Collected data
::::
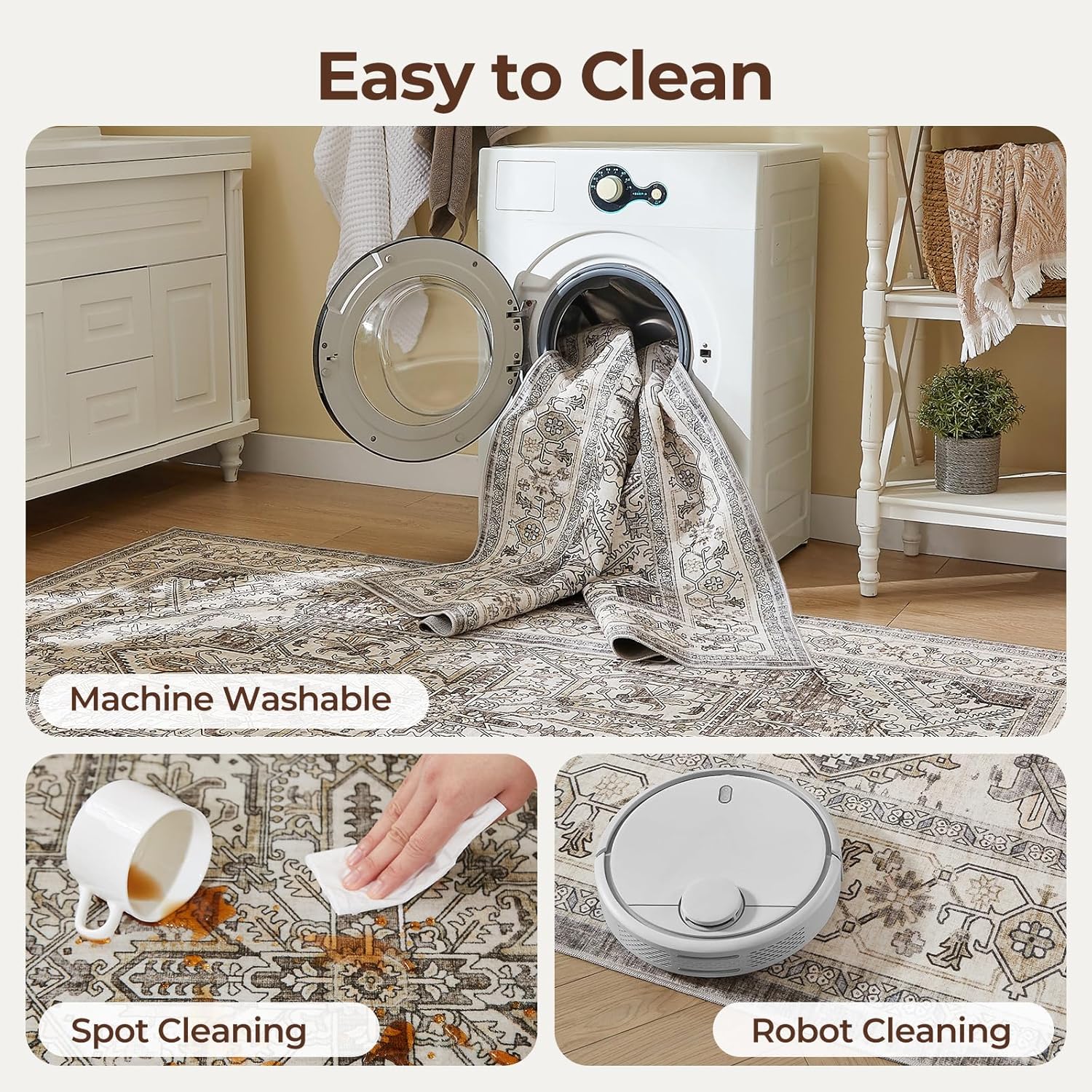 EASY TO CARE WASHABLE RUG: For daily upkeep, a quick sweep or wipe is all it takes.The sweeping robot can move freely to clean the carpet. For deeper cleaning, simply vacuum clean or machine wash with cold water, avoiding bleach to preserve its hues
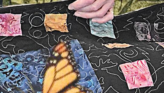 (Right) This quilt by Sandra Borgschatz features butterflies and a farm in the distance. The quilt judging certification process that Borgschatz is going through requires submitted paperwork and presenting before a panel of judges.
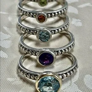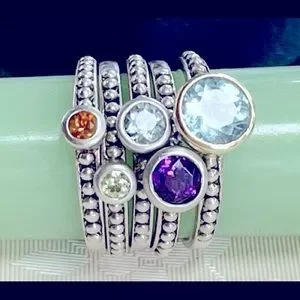 Purchased this beautiful stack rings many years ago. I’ve used it a couple of times and kept it in stored since then. It’s beautiful! The stones are very sparkly. Perfect for daytime or evening.
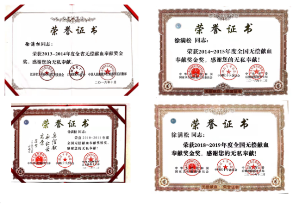 2010年,徐滿松接到了血站工作人員打來(lái)的電話,上饒市血站的血小板出現(xiàn)暫時(shí)短缺的現(xiàn)象,急需O型血小板。他二話不說(shuō),來(lái)到血站獻(xiàn)了兩個(gè)治療量的血小板(國(guó)家規(guī)定機(jī)采血小板捐獻(xiàn)間隔為兩周)。為了幫助更多需要用血的病人,徐滿松做了一個(gè)決定,以后要盡己所能參加無(wú)償獻(xiàn)血,由一開(kāi)始的隨機(jī)獻(xiàn)血到每半個(gè)月自主到到血站獻(xiàn)血小板。自此,他成為了固定的無(wú)償獻(xiàn)血者,這一堅(jiān)持就是21年。一本本鮮紅的《無(wú)償獻(xiàn)血證》放在一起,裝滿了抽屜,像一座座光榮的豐碑。每當(dāng)手機(jī)上收到“你捐獻(xiàn)的血小板檢測(cè)結(jié)果合格,已經(jīng)用于臨床”的短信,徐滿松心里都會(huì)有一種莫名的激動(dòng)與喜悅。
::::
Task to carry out
Output all the data above verbatim, leaving out images.

Finished exercise
 EASY TO CARE WASHABLE RUG: For daily upkeep, a quick sweep or wipe is all it takes.The sweeping robot can move freely to clean the carpet. For deeper cleaning, simply vacuum clean or machine wash with cold water, avoiding bleach to preserve its hues
 (Right) This quilt by Sandra Borgschatz features butterflies and a farm in the distance. The quilt judging certification process that Borgschatz is going through requires submitted paperwork and presenting before a panel of judges.
 Purchased this beautiful stack rings many years ago. I’ve used it a couple of times and kept it in stored since then. It’s beautiful! The stones are very sparkly. Perfect for daytime or evening.
 2010年,徐滿松接到了血站工作人員打來(lái)的電話,上饒市血站的血小板出現(xiàn)暫時(shí)短缺的現(xiàn)象,急需O型血小板。他二話不說(shuō),來(lái)到血站獻(xiàn)了兩個(gè)治療量的血小板(國(guó)家規(guī)定機(jī)采血小板捐獻(xiàn)間隔為兩周)。為了幫助更多需要用血的病人,徐滿松做了一個(gè)決定,以后要盡己所能參加無(wú)償獻(xiàn)血,由一開(kāi)始的隨機(jī)獻(xiàn)血到每半個(gè)月自主到到血站獻(xiàn)血小板。自此,他成為了固定的無(wú)償獻(xiàn)血者,這一堅(jiān)持就是21年。一本本鮮紅的《無(wú)償獻(xiàn)血證》放在一起,裝滿了抽屜,像一座座光榮的豐碑。每當(dāng)手機(jī)上收到“你捐獻(xiàn)的血小板檢測(cè)結(jié)果合格,已經(jīng)用于臨床”的短信,徐滿松心里都會(huì)有一種莫名的激動(dòng)與喜悅。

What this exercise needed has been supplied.